A alegação da defesa era que o Braga ia a uma padaria quando foi abordado. Os três policiais militares que testemunharam contra Braga, e também os responsáveis pela sua prisão, disseram que patrulhavam a favela quando receberam a denúncia de que havia tráfico de drogas em um local conhecido como “sem terra”. O PM Victor Hugo alegou que quando ele e seu parceiro se aproximaram dos suspeitos, a maioria fugiu. Braga teria ficado parado e foi pego com uma sacola com papelotes de drogas com a inscrição da facção CV (Comando Vermelho), que domina a comunidade.

A defesa alega que os policiais assumiram que Braga era do tráfico ao ver sua tornozeleira eletrônica. Eles teriam plantado às drogas, numa manobra para forçar Braga a fornecer informações sobre a quadrilha que atua na região. A defesa afirma que Braga foi inclusive coagido a consumir cocaína quando estava na viatura a caminho da delegacia.

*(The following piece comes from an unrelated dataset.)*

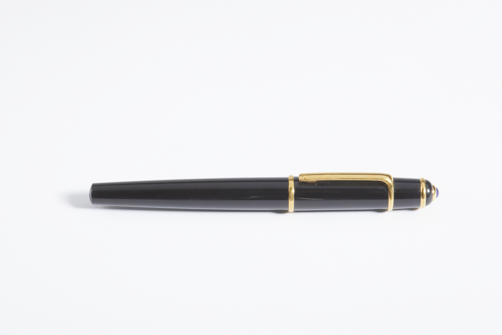 CARTIER Penna Diablo. . . Penna stilografica Diablo, pennino in oro 18k, corpo in resina nera e dettaglio resina blu sul cappuccio.
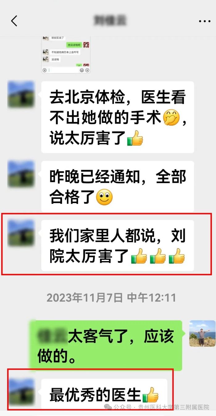 凭借精湛医术,刘兴贵收获了大批“粉丝”,如跨越1528公里的前来就诊程先生、跨越300多公里古伯伯、辗转省内外多家知名医院的任先生……刘兴贵到三附院任职的2年多的时间里,贵阳、黔南、黔东南、毕节、铜仁、六盘水等地的患者纷纷慕名前来就医。75岁的程大爷在接受手术前,直言“刘院长,你在我就踏实了”。

A defesa solicitou à Justiça acesso aos dados do GPS da tornozeleira eletrônica, como forma de levantar a rotina do réu e mostrar que ele não frequentava as bocas de fumo da região. Também foram pedidos os vídeos da câmera da sede da UPP (Unidade de Polícia Pacificadora) da Vila Cruzeira, assim como da viatura policial. Os dois pedidos foram negados pela Justiça. Antes de 2013, Braga já havia sido preso e condenado outras duas vezes por roubo a pedestre nos anos de 2006 e 2009.